5.2.2  Bien que l'accident du 3 janvier 1998, qu'il convient de qualifier
d'accident de gravité moyenne, ait entraîné un traumatisme crânien simple et
de nombreuses fractures, il ne présente pas un caractère particulièrement
impressionnant ou dramatique au sens de la jurisprudence. L'assuré a pu
quitter l'hôpital après 19 jours, sans que l'infection pulmonaire survenue en
cours d'hospitalisation porte à conséquence par la suite.

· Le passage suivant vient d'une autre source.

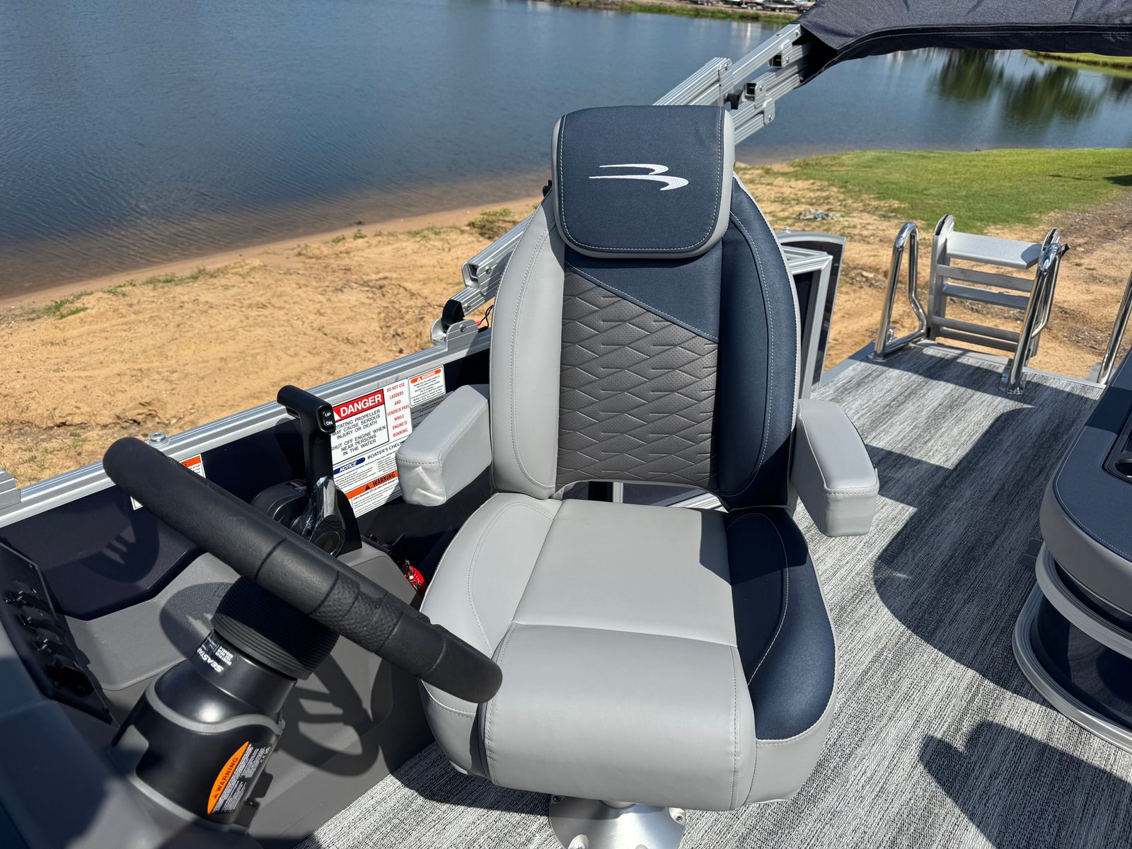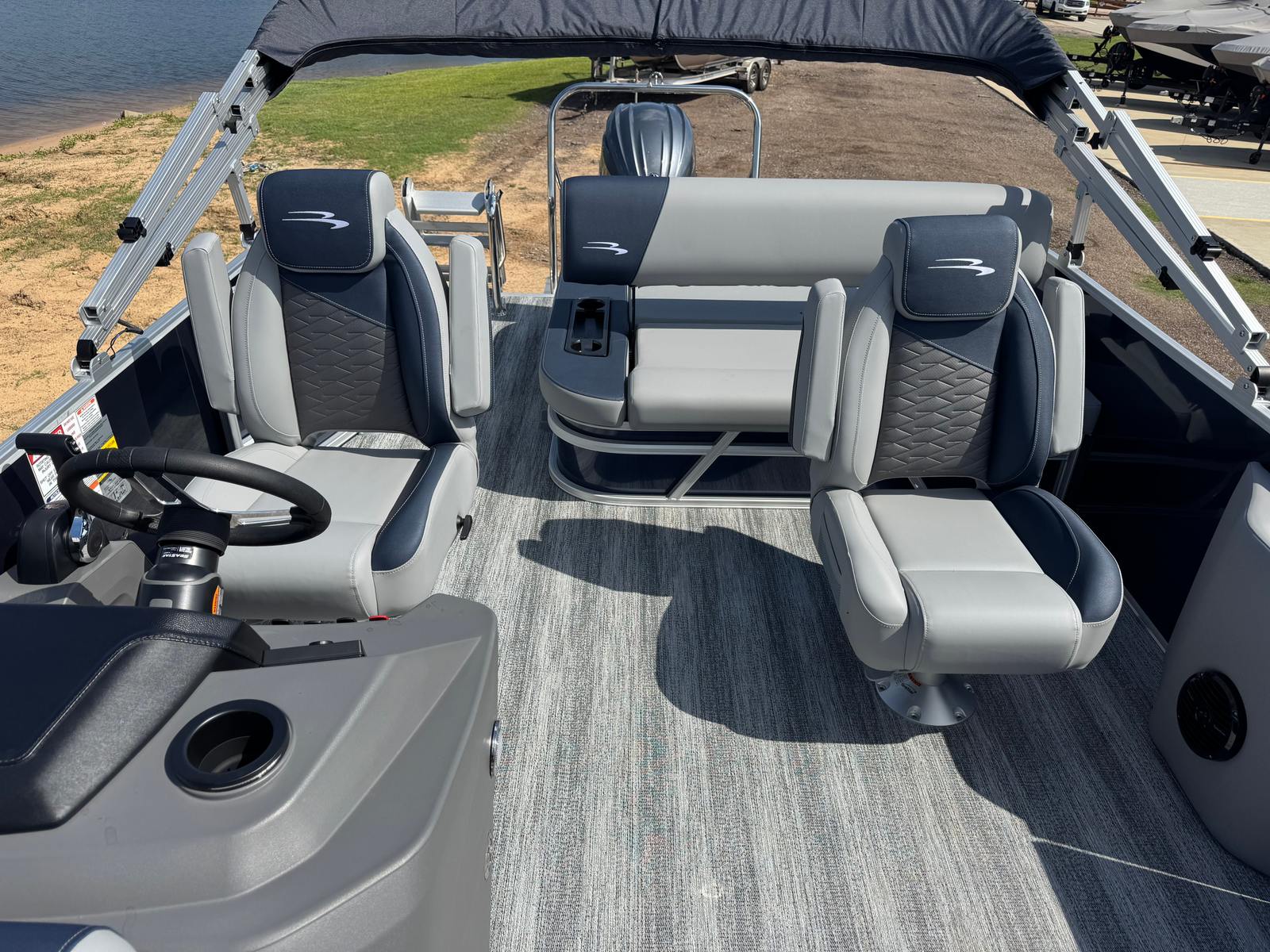 The Bennington 22 SSB SPS Pontoon is packed with thoughtful features that enhance both convenience and enjoyment. The dual battery switch with fuse provides reliable power management, ensuring your onboard electronics and accessories are always ready to go. The Lillipad Ladder offers easy access for swimmers and water sports enthusiasts, making it simple to get in and out of the water. The Benny Quick Fender Latch Kit in silver streamlines docking and mooring, allowing you to secure your pontoon quickly and safely. The combination of premium materials, such as the Ocean Blue Tweed canvas and metallic accents, creates a visually striking and durable exterior that’s built to withstand the elements.

L'évolution a été
globalement favorable jusqu'en septembre 1998 (rapports des 31 juillet et 19
septembre 1998 du docteur W.________), mais les douleurs ont persisté, de
même que des déficits neuropsychologiques légers et une limitation des
mouvements des épaules, cette dernière entraînant une incapacité de travail
dans la profession de peintre en bâtiment. Cela étant, le recourant
n'exerçait pas d'activité professionnelle au moment de l'accident et demeure
capable de travailler à plein temps dans un autre secteur d'activité. Par
ailleurs, son état de santé s'est stabilisé dans le courant de l'année 1999,
selon son médecin traitant, le docteur S.________, qui mentionne alors pour
tout traitement la prise occasionnelle de Dafalgan et des exercices à
domicile (rapport du 6 août 1999). Un séjour à la Clinique R.________ a été
organisé par la suite, mais essentiellement en vue d'une prise en charge
pluridisciplinaire, compte tenu de la discordance entre les douleurs
exprimées par l'assuré et les constatations objectives des médecins. Dans
cette mesure, il n'y a pas lieu de retenir un traitement médical anormalement
long ni la persistence de douleurs intenses en raison des atteintes à la
santé physiques provoquées par l'accident. Si les critères retenus par la
jurisprudence pour admettre le rapport de causalité litigieux sont en partie
remplis, ils ne sont toutefois pas suffisamment prégnants pour que l'accident
subi soit tenu pour la cause adéquate de l'affection psychique décrite par le
docteur A.________.

6.
Le recourant ne conteste pas les termes de la comparaison de revenus
effectuée par l'intimée sur la base d'une capacité de travail résiduelle de
100 % dans une activité adaptée à son handicap physique. La juridiction
cantonale a effectué pour sa part une comparaison de revenu moins favorable à
l'assuré et retient à juste titre un taux d'invalidité légèrement inférieur à
celui admis par la CNA. Elle a cependant renoncé à une réformation de la
décision entreprise au détriment du recourant. Selon la jurisprudence, la
reformatio in pejus est une faculté donnée au juge (ATF 119 V 249 consid. 5)
dont il n'y a pas lieu de faire usage ici, aussi bien pour les motifs exposés
par les premiers juges (cf. consid. 5b/cc) qu'en regard de la faible
différence entre ces taux.

7.
La procédure porte sur l'octroi ou le refus de prestations d'assurance, de
sorte qu'elle est gratuite (art. 134 OJ). Par ailleurs, le recourant ne peut
prétendre de dépens, vu le sort de ses conclusions (art. 159 OJ).

Par ces motifs, le Tribunal fédéral des assurances prononce:

1.
Le recours est rejeté.

2.
Il n'est pas perçu de frais de justice ni alloué de dépens.

3.
Le présent arrêt sera communiqué aux parties, au Tribunal cantonal des
assurances et à l'Office fédéral de la santé publique.